Energies, 2020, vol. 13, issue 5, 1-14

Abstract: Heat transfer of supercritical-pressure kerosene is crucial for regenerative cooling systems in rocket engines. In this study, experiments were devoted to measure the heat transfer of supercritical-pressure kerosene under ultra-high heat fluxes. The kerosene flowed horizontally in a mini circular tube with a 1.0 mm inner diameter and was heated uniformly under pressures of 10–25 MPa, mass fluxes of 8600–51,600 kg/m 2 s, and a maximum heat flux of up to 33.6 MW/m 2 . The effects of the operating parameters on the heat transfer of supercritical-pressure kerosene were discussed. It was observed that the heat transfer coefficient of kerosene increases at a higher mass flux and inlet bulk temperature, but is little affected by pressure. The heat transfer of supercritical-pressure kerosene is classified into two regions: normal heat transfer and enhanced heat transfer. When the wall temperature exceeds a certain value, heat transfer is enhanced, which could be attributed to pseudo boiling. This phenomenon is more likely to occur under higher heat flux and lower mass flux conditions. In addition, the experimental data were compared with several existing heat transfer correlations, in which one of these correlations can relatively well predict the heat transfer of supercritical-pressure kerosene. The results drawn from this study could be beneficial to the regenerative cooling technology for rocket engines.

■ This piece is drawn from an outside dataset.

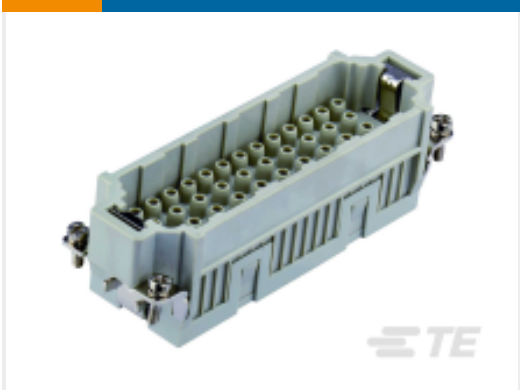
TE Part #T2050462101-000 HEE-046-M

Keywords: heat transfer; supercritical kerosene; supercritical fluids; regenerative cooling (search for similar items in EconPapers)
JEL-codes: Q Q0 Q4 Q40 Q41 Q42 Q43 Q47 Q48 Q49 (search for similar items in EconPapers)
Date: 2020
References: View references in EconPapers View complete reference list from CitEc
Citations: View citations in EconPapers (1)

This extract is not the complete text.